Add Fields to a Word Report in Business Central

Add Fields to a Word Report in Business Central

Well, how do I…where is the… alright, I will checkout a tutorial first. This was my reaction when someone asked me to add fields to a Word Report and I opened a Microsoft Word layout for the first time.

What You Will Learn

In this post you will learn how to add a field to an already existing standard report invoice in Visual Studio Code. My examples are done in a docker container with Business Central 15.

Update 13.11.2020: The approach taken in this tutorial is still valid and can also be used for RDLC reports, except of step 5.

I assume that you already have set up an environment with business central. You will also need the extensions AZ AL Dev Tools/AL Code Outline by Andrzej Zwierzchowski and ALRunner by Tobias Fenster. Having installed Waldo’s CRS AL Language Extension is optional but also recommended.

What We Will Do

Basically we need to take these steps to accomplish our goal:

  1. Create a new A/L Project with our running sandbox
  2. Copy standard report to a new number and name
  3. Add a new column to the dataset
  4. Include layout in the project
  5. Add the new field in the layout
  6. Publish report
  7. Enjoy

1. Create a new A/L Project with our running sandbox

First, we need to create a new A/L Project in Visual Studio Code. If you have not setup a running sandbox container yet, you can checkout this post. For the next steps, I will assume that you have a running container and already downloaded the symbols.

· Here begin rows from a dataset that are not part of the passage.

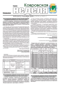 №78 (615), 9 октября 2020 г. (№38 за 2020 г.) ǺDzDZDzǸȌ ǸȜȐȞȜȐȟȘȎȭ Спецвыпуск Газета ПОСТАНОВЛЕНИЕ АДМИНИСТРАЦИИ ГОРОДА КОВРОВА ВЛАДИМИРСКОЙ ОБЛАСТИ № 1788 ОТ 02.10.2020 Г. О внесении изменений в постановление администрации города Коврова от 12.05.2020 №834 «Об утверждении перечня получателей субсидий на возмещение затрат, связанных с выполнением работ по благоустройству дворовых территорий многоквартирных домов в рамках реализации муниципальной программы «Благоустройство территории города Коврова» В соответствии с Бюджетным кодексом Российской Федерации, Правилами формирования, предоставления и распределения субсидий из областного бюджета бюджетам муниципальных образований Владимирской области, утвержденными постановлением администрации области от 19.12.2014 № 1287, Порядком предоставления субсидий юридическим лицам (за исключением субсидий государственным (муниципальным учреждениям), индивидуальным предпринимателям, физическим лицам на возмещение затрат на выполнение работ по благоустройству дворовых территорий в рамках реализации мероприятий муниципальной программы «Благоустройство территории города Коврова», утвержденным постановлением администрации города Коврова от 08.04.2019 № 782 (в ред. постановлений администрации города Коврова от 19.04.2019 № 863, от 09.07.2019 № 1612, от 08.11.2019 № 2649), на основании ст.31 и 32 Устава муниципального образования город Ковров Владимирской области постановляю: 1. Внести изменения в приложение к постановлению администрации города Коврова от 12.05.2020 № 834 «Об утверждении перечня получателей субсидий на возмещение затрат, связанных с выполнением работ по благоустройству дворовых территорий многоквартирных домов в рамках реализации муниципальной программы «Благоустройство территории города Коврова», строки 2,17,18 перечня изложить в новой редакции согласно приложению к настоящему постановлению. 2. Контроль за исполнением настоящего постановления возложить на первого заместителя главы администрации, начальника управления по экономической политике, стратегическому развитию и инвестициям. 3. Настоящее постановление вступает в силу со дня его официального опубликования. Глава города Е.В. Фомина Приложение к постановлению администрации г орода Коврова от 02.10.2020 №1788 ПЕРЕЧЕНЬ получателей субсидии на возмещение затрат, связанных с выполнением работ по благоустройству дворовых территорий многоквартирных домов в рамках реализации муниципальной программы «Благоустройство территории города Коврова» N п/п Адрес объекта Управляющая организация Наименование работ Сумма, руб. 1 2 3 4 5 2 ул. С. Лазо, 4 ООО УО «Реформа многоквартирных домов» 1. Асфальтировка дворового проезда 2. Установка МАФ 3. Устройство освещения 4. Устройство тротуара 5. Ремонт парковки 6. Устройство ливневой канализации 1 401 409,7 17 Всего по городу: 32 293 217,3 18 В т.ч. по управляющим организациям: ООО УО «Реформа многоквартирных домов» 5 220 663,6 ПОСТАНОВЛЕНИЕ АДМИНИСТРАЦИИ ГОРОДА КОВРОВА ВЛАДИМИРСКОЙ ОБЛАСТИ № 1823 ОТ 05.10.2020 Г. О внесении изменений в постановление администрации города Коврова от 20.12.2019 № 2975 «О распределении средств для реализации основного мероприятия «Организация питания учащихся в общеобразовательных учреждениях» подпрограммы «Совершенствование организации питания учащихся в общеобразовательных учреждениях города Коврова» муниципальной прог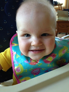 Unfortunately she caught a bit of a stomach bug in the past 24 hours so Mom and Dad will be switching off our time at home and work in the next day or two. She has to remain healthy for 24 hours before she can return to school. Its most likely related to teething, but apparently 3 of the other kids in her classroom are experiencing a similar thing right now :)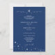 Invite your guests to a night of romance and starlight with this Formal Celestial Elegant Blue Wedding Details and Invitation from the Celestial Elegant Wedding Collection. Featuring a deep navy blue background adorned with twinkling stars and refined typography, this modern celestial design is perfect for couples who love a minimalist yet luxurious aesthetic. Easily personalise with your names, wedding date, and venue details for a fully customised touch. Ideal for celestial weddings, winter celebrations, or elegant evening receptions. Pair it with matching RSVP cards, programs, menus, and signage for a cohesive wedding suite.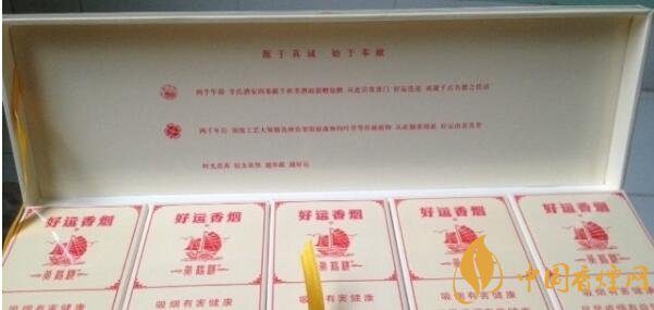 在黃鶴樓香煙大全及價格中,好運(yùn)有別于樓樓其他品系,凸顯簡單、樸實,沒有以前黃鶴樓香煙的那種花里胡哨的感覺。除了黃鶴樓和好運(yùn)的品牌標(biāo)識之外,正反面都印有紅色帆船,和“一帆風(fēng)順”的字樣。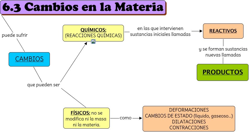 Este Cmap, tiene información relacionada con: 6.3 CAMBIOS EN LA MATERIA, CAMBIOS que pueden ser F�?SICOS: no se modifica ni la masa ni la materia., 6.3 Cambios en la Materia puede sufrir CAMBIOS, QU�?MICOS: (REACCIONES QU�?MICAS) en las que intervienen sustancias iniciales llamadas REACTIVOS, CAMBIOS que pueden ser QU�?MICOS: (REACCIONES QU�?MICAS), F�?SICOS: no se modifica ni la masa ni la materia. como DEFORMACIONES CAMBIOS DE ESTADO (líquido, gaseoso...) DILATACIONES CONTRACCIONES, REACTIVOS y se forman sustancias nuevas llamadas PRODUCTOS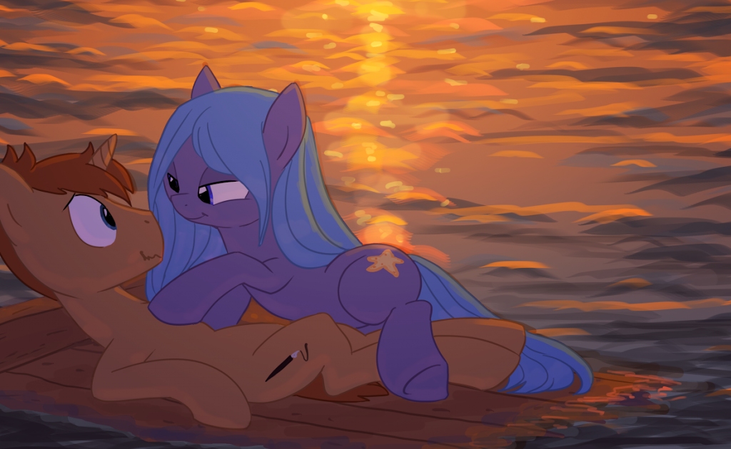 The stallion’s eyes widened at that, and his head snapped around. Just as she’d said, there it was, their ship, splintered, shattered, and sinking fast. He couldn’t see any other ponies besides themselves, and soon he wouldn’t be able to see anything, for the sun was setting fast, bathing the waters in a warm orange glow. To say that the stallion was unhappy about all this would have been an understatement, as he let out a grunt of annoyance at it all. As for the mare, she just kept on smiling at him.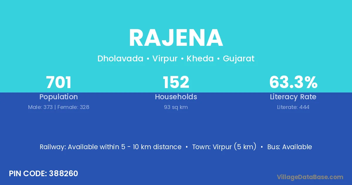Virpur (5 km) is the nearest town to Rajena village for major economic activities and is located approximately 5 km away.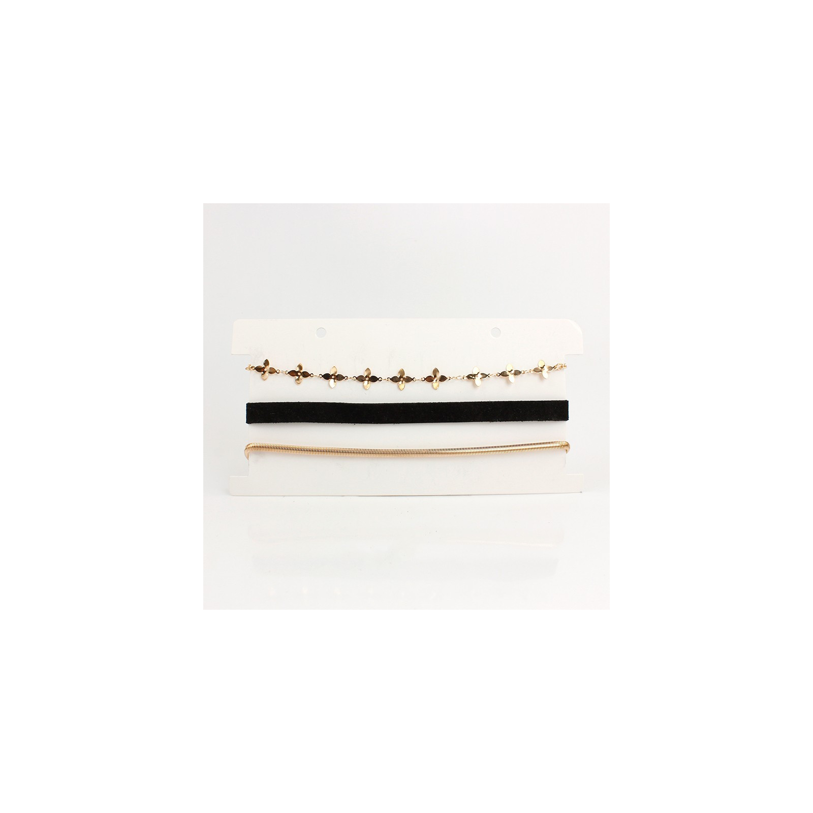 Set de tres chrokers, uno de gamuza, dos de cadenas diferenciadas.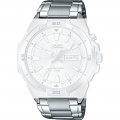 Questo cinturino Casio è fatto in acciaio inox ed è collegato all'orologio per mezzo di perni a molla. Il cinturino ha una larghezza di 24 mm e si chiude a mezzo di chiusura deployante. Il cinturino non ha montatura dritta, il che significa che questo cinturino è adatto solo per gli orologi elencati di seguito.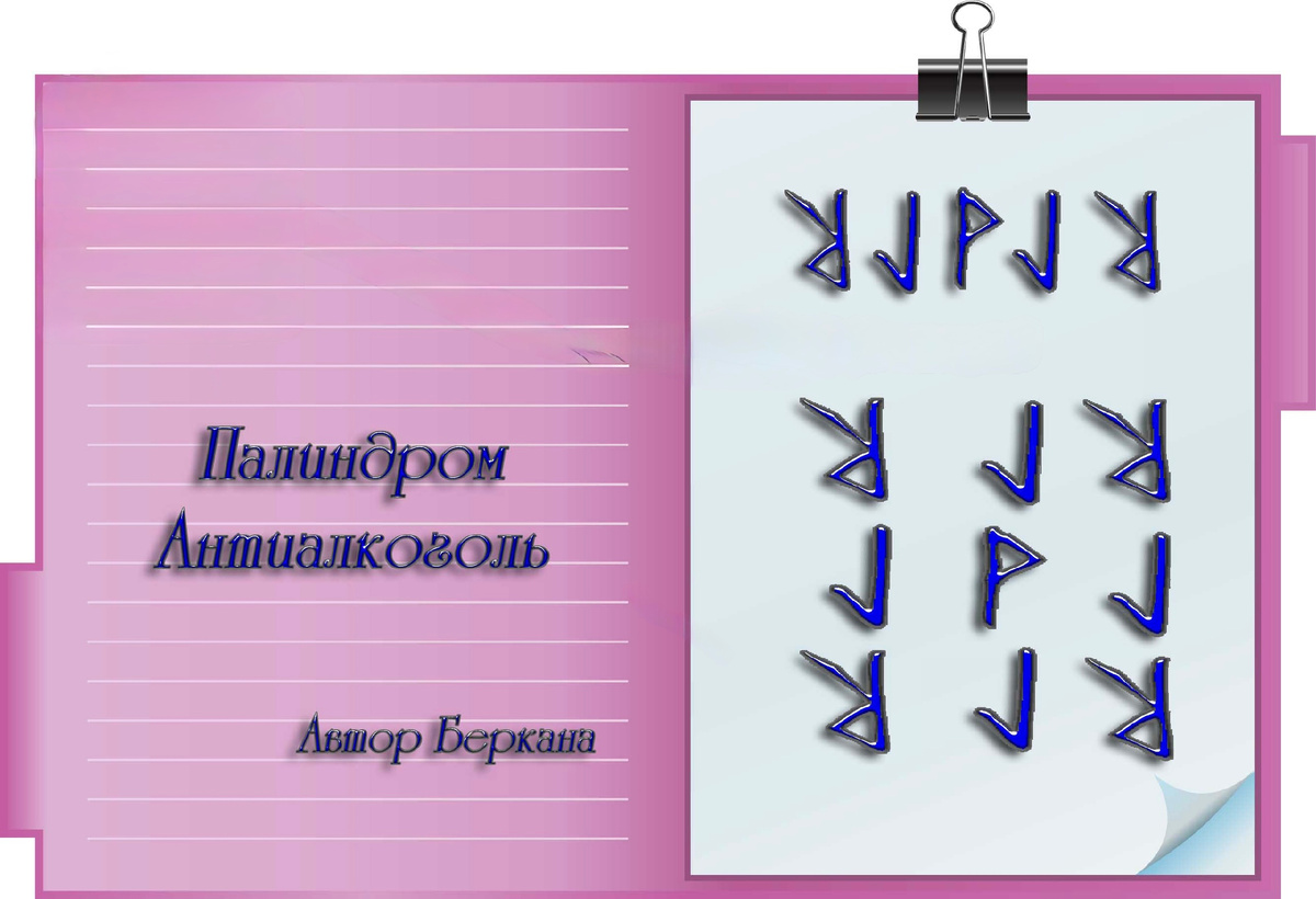 Формула на то, чтобы пьющий человек, выпив спиртное, побежал обниматься с унитазом (иными словами - напустить рвоту при принятии спиртного). Палиндром: Райдо пп - Лагуз пп - Вуньо - Лагуз пп - Райдо пп Вуньо - это радость пьяницы оттого, что добрался до заветной бутылки Лагуз пп - принятая пища вкупе с принятой жидкостью вкупе с принятым алкаголем поворачиваются вспять и начинают искать путь наружу Райдо пп - "приятный" процесс опорожнения желудка. Виса: Мужу, слабому до хмеля, Не сидеть на лавке чинно, Опрокидывая кружки Словно конунг из похода.... Все питье наружу выйдет! Наизнанку повернется, Каждый раз такое будет, Коль хмельное в рот попало! Можно еще по краям поставить Вуньо пп - дабы впредь неповадно было. Можно усилить формулу: Райдо пп - Лагуз пп - Райдо пп Лагуз пп - Вуньо - Лагуз пп Райдо пп - Лагуз пп - Райдо пп И по совету уважаемого afessa - к ножкам перевернутых Райдо пририсовать галочку от Йеры, чтобы получилось по углам Йера с переверн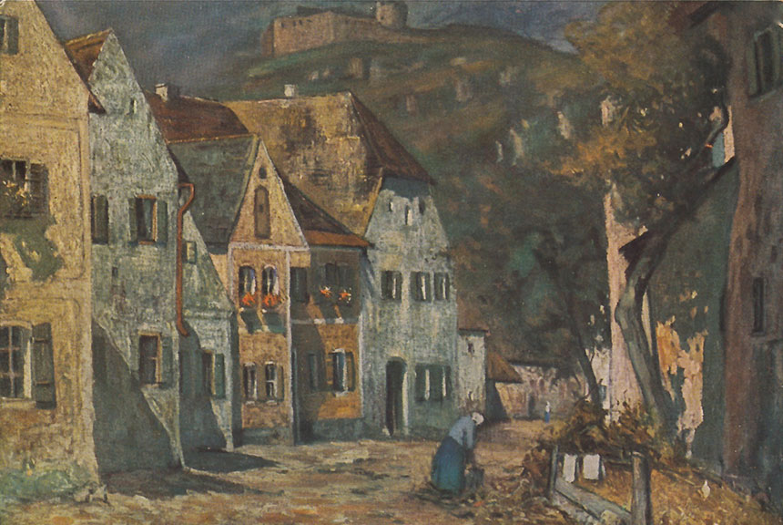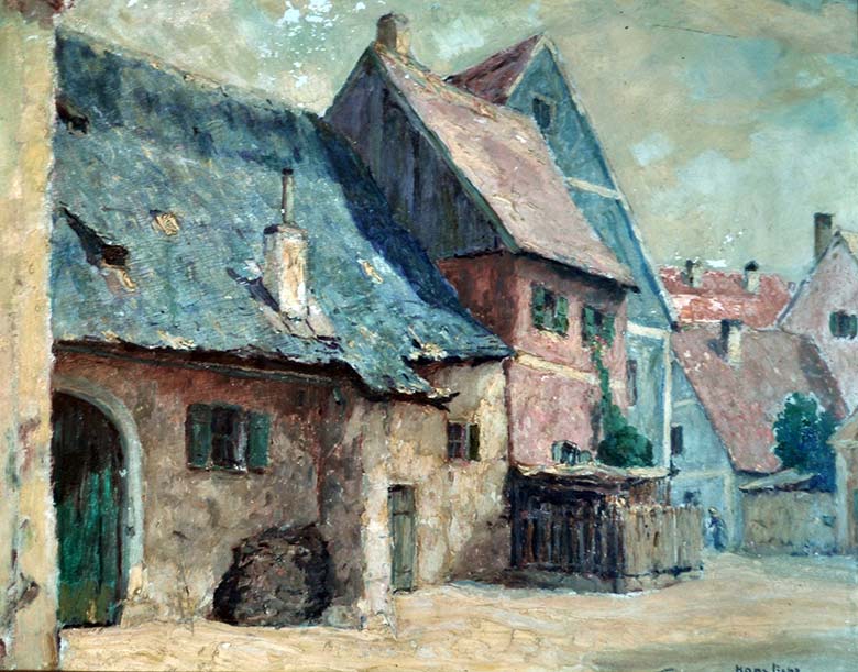 Hans Licht malt die Alte Regensburger Straße mit den charakteristischen schiefen Dächern und verwitterten Fassaden des sogenannten Gänsbügels. Er gestaltet die Szene mit kräftigem, pastosem Farbauftrag und feinem Gespür für Licht und Atmosphäre. Der warme Ton der Mauern und das gebrochene Blau der Dächer verleihen der Darstellung eine stille, beinahe intime Stimmung.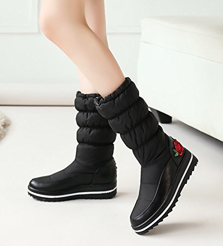 Binding : Apparel Product Description Winter is coming! Do you want a pair of boots both of fashion and warmth? This pair of snow boots is a perfect choice. This lovely shoes features drawstring closure and round toe. The faux fur lined will warm you all winter. You will look chic in their flowers decoration. The sole is made of good rubber. You will feel comfy in their soft bottom. The heels measure 1.6 inches. You will feel comfortable in their mid heels. Its platform is about 1 inches. So you will not feel too tired when walking with them. They are of high quality and durable. Just pick them to show your beauty. SHOWHOW is a well-established fashion shoe brand which carries stylish and affordable women's footwear. We promise will offer you excellent shopping experience. Welcome and pick what you want! 0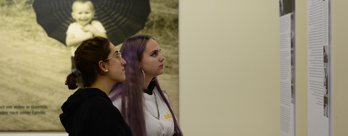 In der Wechselausstellung waren Fotos und Biographien ehemaliger KZ-Häftlinge ausgebreitet – fotografiert zumeist im hohen Alter und kaum erkennbar als junge, sehr junge Gefangene und Kinder in und von Auschwitz.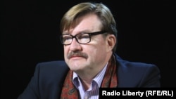 – У мене до цього складне ставлення. Все-таки на російських каналах показують не тільки новини, які новинами зараз важко назвати, не тільки інформаційні програми, які з інформаційних перетворилися на пропагандистські. Іноді там показують непогані і навіть дуже хороші неполітичні програми, серіали, документальне кіно. Виступають мої друзі і колеги, які ні в чому перед українським народом не завинили. Тому у мене складне до цього ставлення. З іншого боку, звичайно, неможливо уявити, щоб в часи Другої світової війни газета Völkischer Beobachter («Народний спостерігач») виходила б на території Великобританії або в Сполучених Штатах в перекладі на англійську мову. Це до питання про Russia Today. Мені цікаво, що будуть надалі робити в цьому зв’язку керівники тих англомовних держав, де можна приймати програми Russia Today. Тому що Russia Today, даруйте, це сучасна версія Völkischer Beobachter в значній мірі.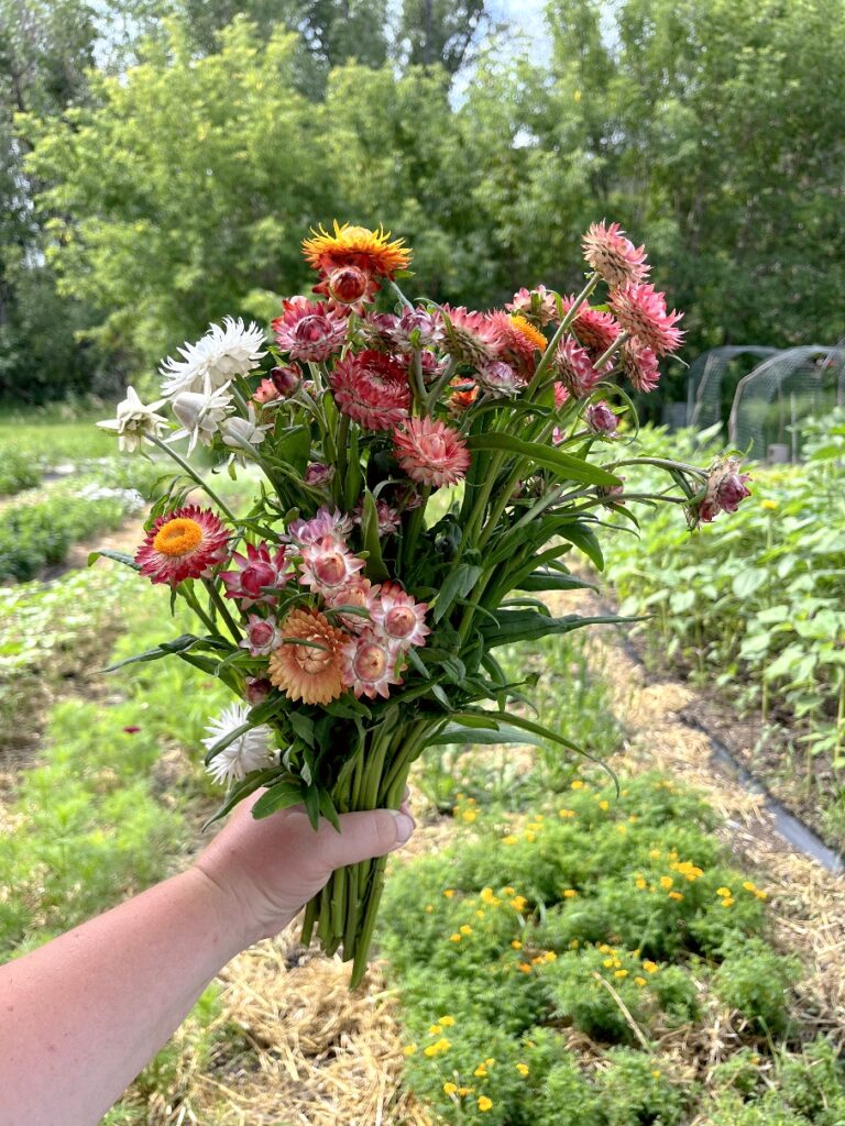 A full 40-foot row of strawflowers wasn’t quite enough this year to supply all my needs for pumpkin and wreath sales, so 2 40-foot rows it will be! I love strawflowers because they are so versatile and long-lasting. It’s also fun to touch their petals and make a sound with them.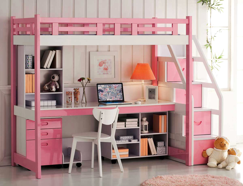 Foto tempat tidur loteng dengan kawasan kerja untuk seorang gadis menunjukkan pelbagai model ergonomik. Untuk kanak-kanak perempuan, reka bentuk tidak teratur lebih sesuai - dalam bentuk gelombang atau dengan selekoh, serta produk dengan tempat duduk separuh bulatan.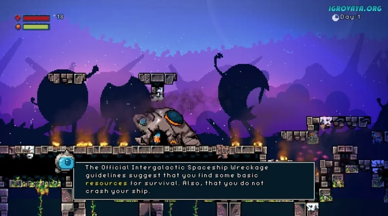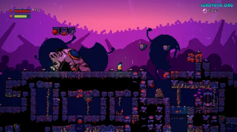 - Интенсивное выживание с необходимостью искать ресурсы и создавать предметы;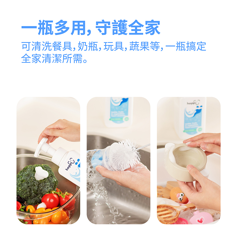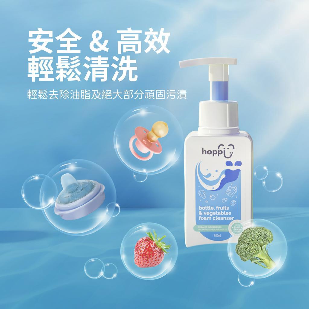 Hoppi 奶瓶蔬果清潔慕斯500ml/瓶 食品級認證 洗潔精清潔液清潔劑洗碗精500ml/1瓶|500ml*3瓶Bottle-feedingHoppi 官方旗艦店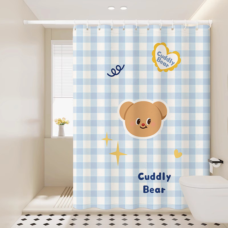可爱小猫浴帘防水布免打孔洗澡浴室卫生间淋浴间隔断干湿分离挂帘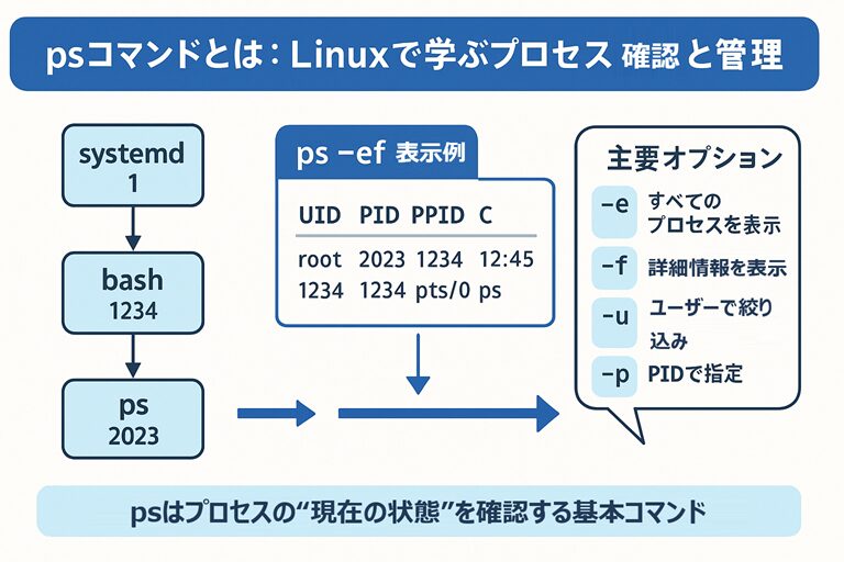 - psコマンドは、Linuxで実行中のプロセスを確認するための基本ツール。

It is also a good idea to set “launchBrowser” in your “launch.json” to “false”.

2. Copy Standard Report To a New Number and Name

We use the AZ AL Dev Tools to open the base application in the AL Object Browser. Rightclick on the Base Application and select “Open in AL Object Browser”.

Update 13.11.2020: You do not have to use the right click anymore. Just left click on the Base Application once.

This window will show up:

Select the object type “Reports” and search for ID “1306”.

  • Right click the result. Select “Go to definition”.
  • Use Ctrl + A to select the whole file text. Copy it.

Right click in the empty space below your last file. Select “New File”.

I will call my file “StandardSalesInvoiceCopy.al”.

Open the created file. Paste the copied text from the standard report into the blank file. If you now hover over the first line, you will see this error:

“An application object of type ‘Report’ with name ‘Standard Sales – Invoice’ is already declared”.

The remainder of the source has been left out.